WHAT YOU NEED TO DO: Reproduce only what runs from the line containing "La Balmain Taffetas" to the line containing "Karaca Bio Granite" in the records below, inclusive. Keep it exact, and keep the pictures out.

AVAILABLE DATA:

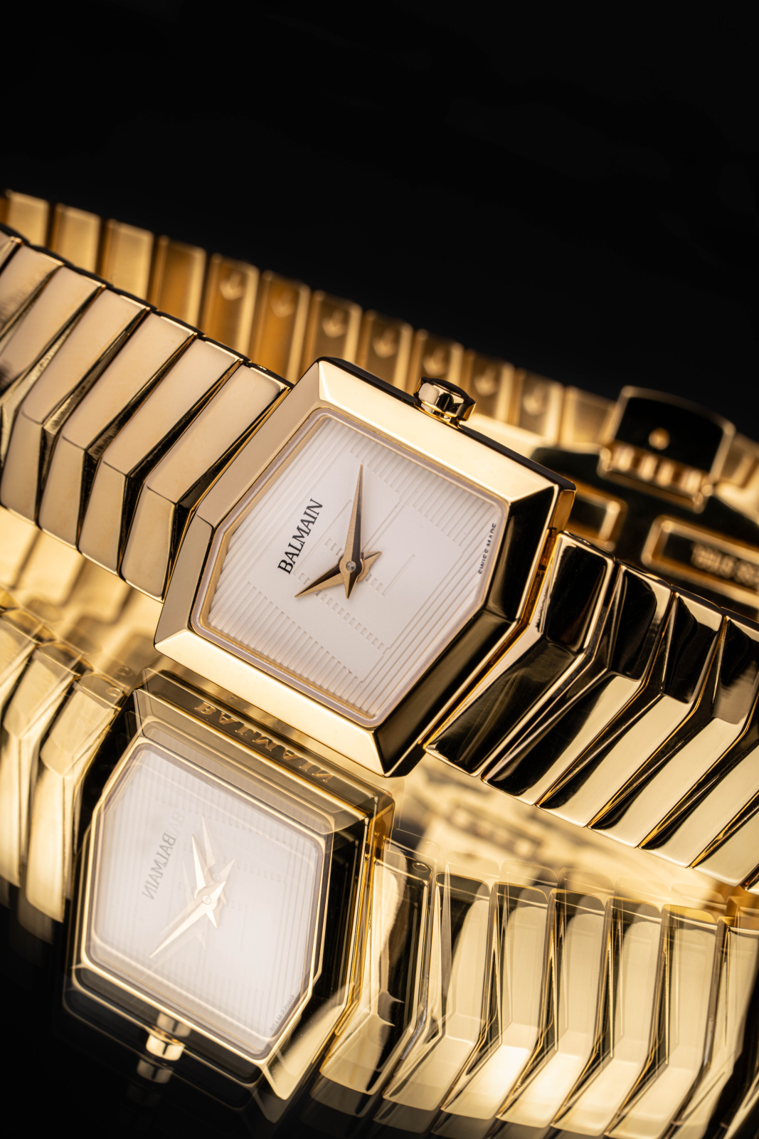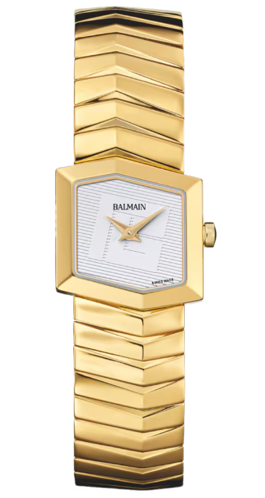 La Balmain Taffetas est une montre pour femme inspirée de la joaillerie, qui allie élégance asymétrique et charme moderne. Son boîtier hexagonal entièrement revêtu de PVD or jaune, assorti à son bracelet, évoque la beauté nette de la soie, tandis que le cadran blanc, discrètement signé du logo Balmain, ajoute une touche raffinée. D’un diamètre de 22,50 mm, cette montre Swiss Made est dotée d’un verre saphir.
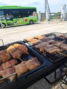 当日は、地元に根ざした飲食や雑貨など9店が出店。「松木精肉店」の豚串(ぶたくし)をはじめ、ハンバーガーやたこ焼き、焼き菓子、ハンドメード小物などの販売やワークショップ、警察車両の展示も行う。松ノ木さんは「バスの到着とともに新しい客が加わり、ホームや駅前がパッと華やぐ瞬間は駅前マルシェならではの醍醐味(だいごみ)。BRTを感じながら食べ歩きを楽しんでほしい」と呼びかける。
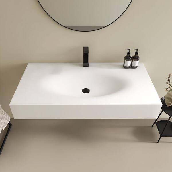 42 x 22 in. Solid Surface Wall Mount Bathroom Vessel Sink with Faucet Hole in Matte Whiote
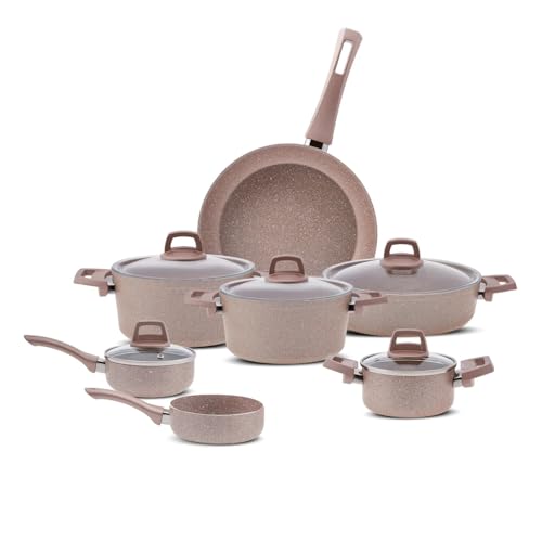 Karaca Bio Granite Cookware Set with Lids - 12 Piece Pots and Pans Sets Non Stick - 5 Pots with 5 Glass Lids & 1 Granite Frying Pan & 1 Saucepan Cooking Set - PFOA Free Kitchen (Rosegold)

---

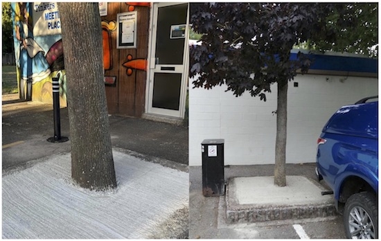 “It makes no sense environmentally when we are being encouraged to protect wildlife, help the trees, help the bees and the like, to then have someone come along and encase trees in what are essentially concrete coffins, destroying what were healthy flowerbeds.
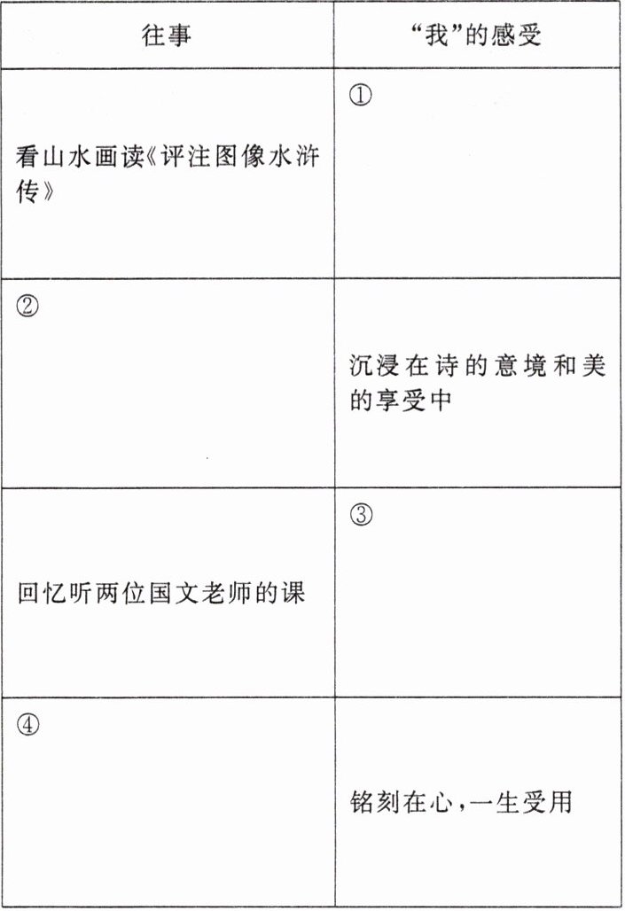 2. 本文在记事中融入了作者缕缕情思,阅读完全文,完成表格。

ANSWER TO THIS TASK:
 La Balmain Taffetas est une montre pour femme inspirée de la joaillerie, qui allie élégance asymétrique et charme moderne. Son boîtier hexagonal entièrement revêtu de PVD or jaune, assorti à son bracelet, évoque la beauté nette de la soie, tandis que le cadran blanc, discrètement signé du logo Balmain, ajoute une touche raffinée. D’un diamètre de 22,50 mm, cette montre Swiss Made est dotée d’un verre saphir.
 当日は、地元に根ざした飲食や雑貨など9店が出店。「松木精肉店」の豚串(ぶたくし)をはじめ、ハンバーガーやたこ焼き、焼き菓子、ハンドメード小物などの販売やワークショップ、警察車両の展示も行う。松ノ木さんは「バスの到着とともに新しい客が加わり、ホームや駅前がパッと華やぐ瞬間は駅前マルシェならではの醍醐味(だいごみ)。BRTを感じながら食べ歩きを楽しんでほしい」と呼びかける。
 42 x 22 in. Solid Surface Wall Mount Bathroom Vessel Sink with Faucet Hole in Matte Whiote
 Karaca Bio Granite Cookware Set with Lids - 12 Piece Pots and Pans Sets Non Stick - 5 Pots with 5 Glass Lids & 1 Granite Frying Pan & 1 Saucepan Cooking Set - PFOA Free Kitchen (Rosegold)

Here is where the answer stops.